Description of the task:
Say how many of the lines below include the word "with". Only the number should be given.

Supplied information:
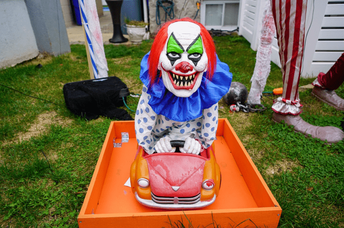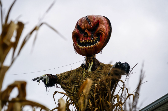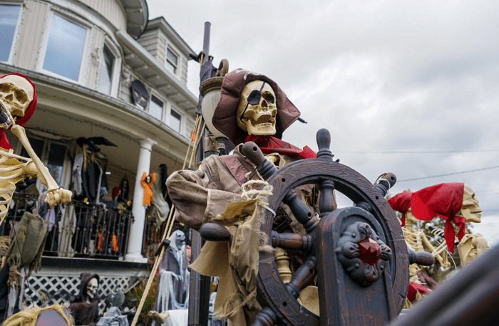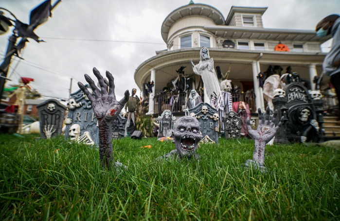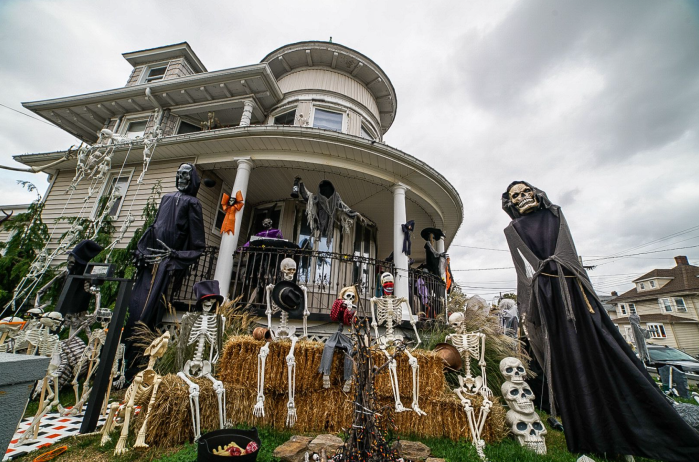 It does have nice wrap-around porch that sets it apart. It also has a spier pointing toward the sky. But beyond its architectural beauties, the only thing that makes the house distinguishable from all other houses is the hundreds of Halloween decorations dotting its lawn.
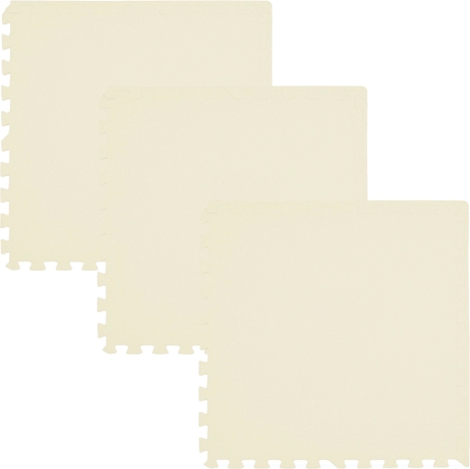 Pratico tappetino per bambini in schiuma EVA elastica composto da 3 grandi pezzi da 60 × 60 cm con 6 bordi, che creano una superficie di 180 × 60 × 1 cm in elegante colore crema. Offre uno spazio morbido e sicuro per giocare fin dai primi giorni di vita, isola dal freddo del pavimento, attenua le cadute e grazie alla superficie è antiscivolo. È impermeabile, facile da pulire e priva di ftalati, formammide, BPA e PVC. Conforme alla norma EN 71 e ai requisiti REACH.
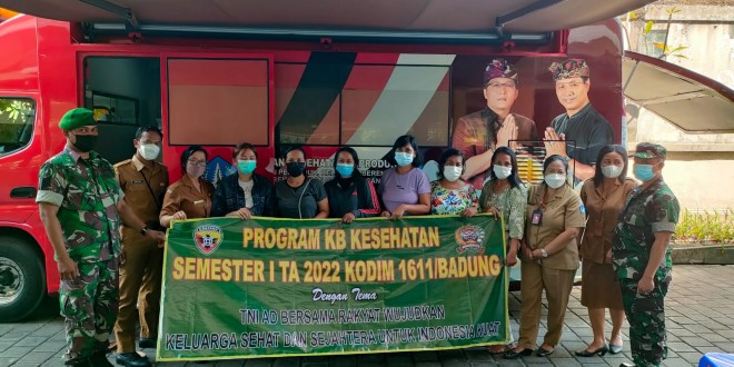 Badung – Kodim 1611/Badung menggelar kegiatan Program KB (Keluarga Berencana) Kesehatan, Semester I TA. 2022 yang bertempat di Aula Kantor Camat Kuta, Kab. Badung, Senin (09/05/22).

--

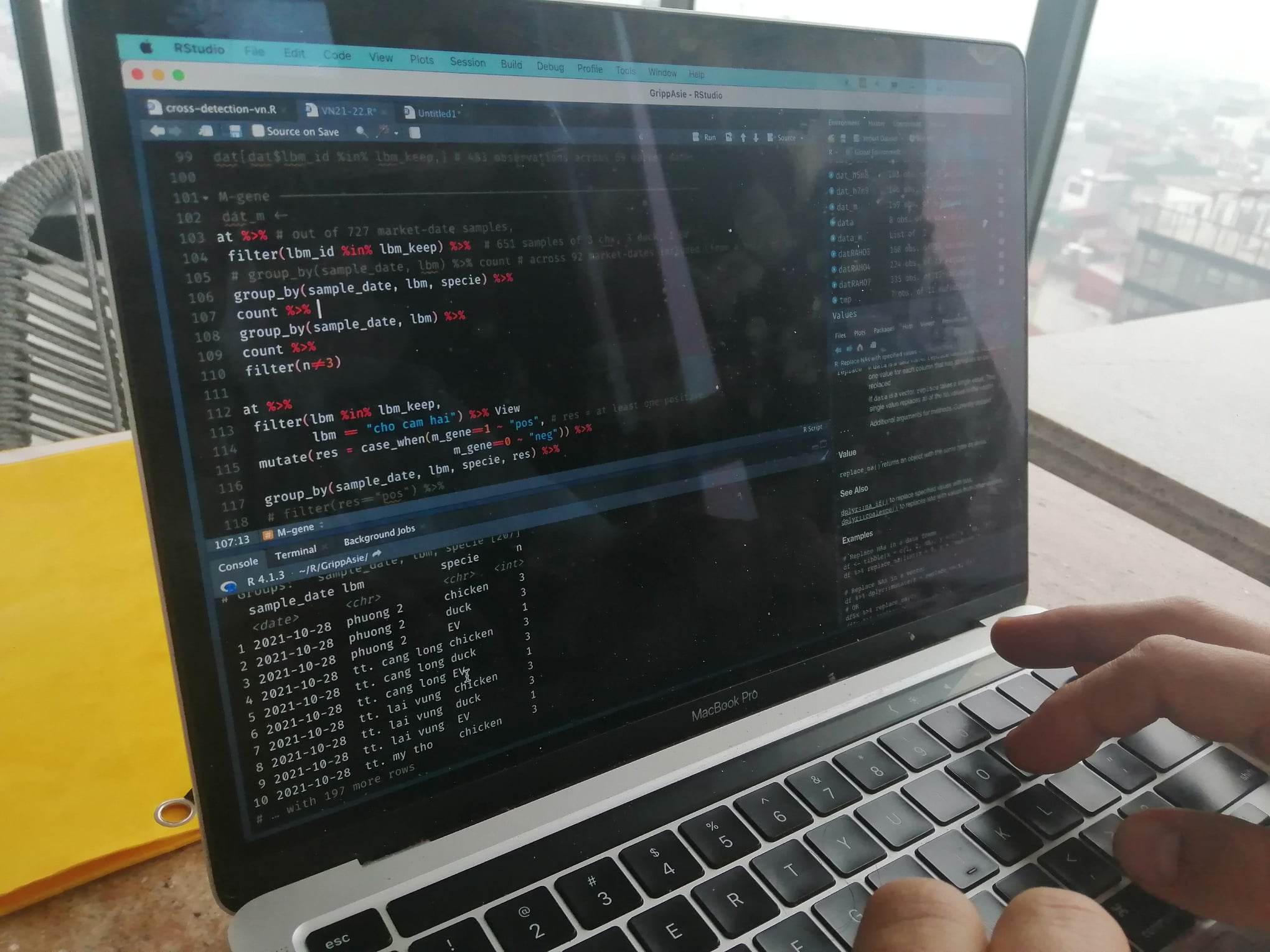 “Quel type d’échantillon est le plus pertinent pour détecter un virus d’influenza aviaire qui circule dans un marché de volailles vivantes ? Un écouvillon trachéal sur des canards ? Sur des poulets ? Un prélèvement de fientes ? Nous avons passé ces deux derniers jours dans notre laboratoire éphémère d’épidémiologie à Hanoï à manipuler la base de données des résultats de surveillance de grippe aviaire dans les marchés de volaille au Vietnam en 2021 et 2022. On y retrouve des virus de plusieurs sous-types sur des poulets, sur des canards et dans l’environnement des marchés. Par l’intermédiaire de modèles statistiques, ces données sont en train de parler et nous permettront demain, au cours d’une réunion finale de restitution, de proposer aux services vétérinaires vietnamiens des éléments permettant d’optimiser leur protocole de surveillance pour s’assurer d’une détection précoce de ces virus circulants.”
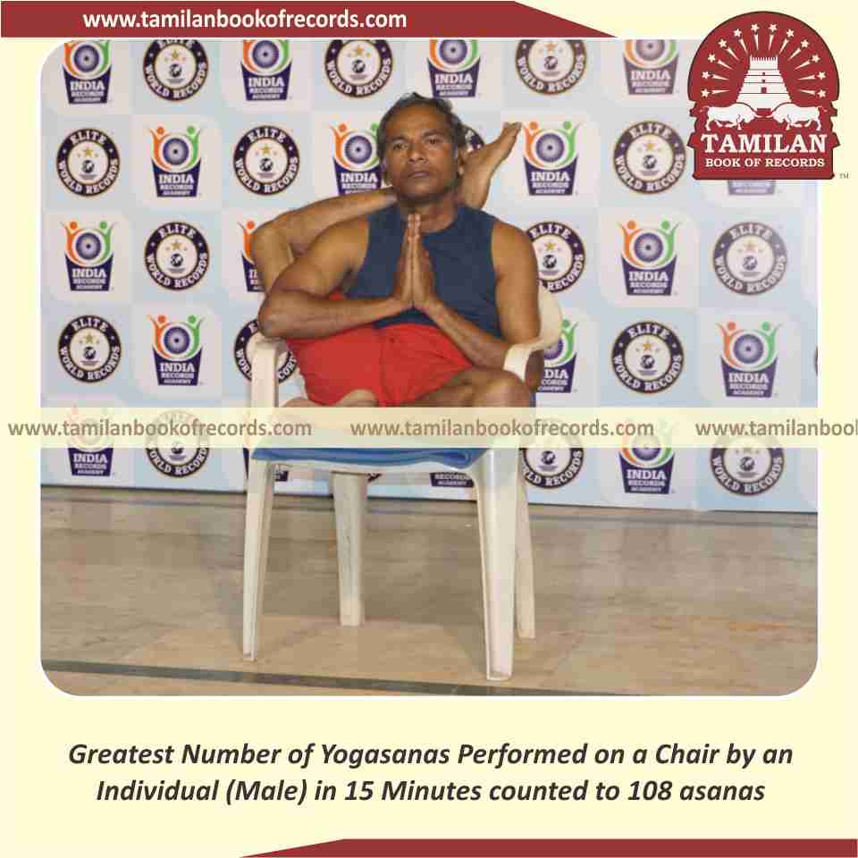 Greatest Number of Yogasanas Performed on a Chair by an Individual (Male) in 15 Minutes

==

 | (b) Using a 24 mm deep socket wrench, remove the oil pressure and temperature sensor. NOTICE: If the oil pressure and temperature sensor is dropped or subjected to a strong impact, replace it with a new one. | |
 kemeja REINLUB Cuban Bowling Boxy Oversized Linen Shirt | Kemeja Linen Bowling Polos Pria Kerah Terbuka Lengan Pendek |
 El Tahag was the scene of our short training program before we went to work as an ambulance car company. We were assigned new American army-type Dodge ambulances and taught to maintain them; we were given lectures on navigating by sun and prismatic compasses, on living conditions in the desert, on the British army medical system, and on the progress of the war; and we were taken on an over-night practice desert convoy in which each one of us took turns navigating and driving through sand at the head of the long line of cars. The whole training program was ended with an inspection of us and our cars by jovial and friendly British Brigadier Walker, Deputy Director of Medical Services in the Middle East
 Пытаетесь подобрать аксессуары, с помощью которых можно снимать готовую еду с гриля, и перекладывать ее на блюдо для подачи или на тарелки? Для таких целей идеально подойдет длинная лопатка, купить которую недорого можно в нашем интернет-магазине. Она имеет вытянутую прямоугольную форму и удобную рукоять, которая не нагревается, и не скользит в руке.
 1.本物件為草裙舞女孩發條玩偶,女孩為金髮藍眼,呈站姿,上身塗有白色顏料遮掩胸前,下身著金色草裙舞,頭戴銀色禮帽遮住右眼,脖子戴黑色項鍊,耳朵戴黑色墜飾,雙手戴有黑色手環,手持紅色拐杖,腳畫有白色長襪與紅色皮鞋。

Written solution:
2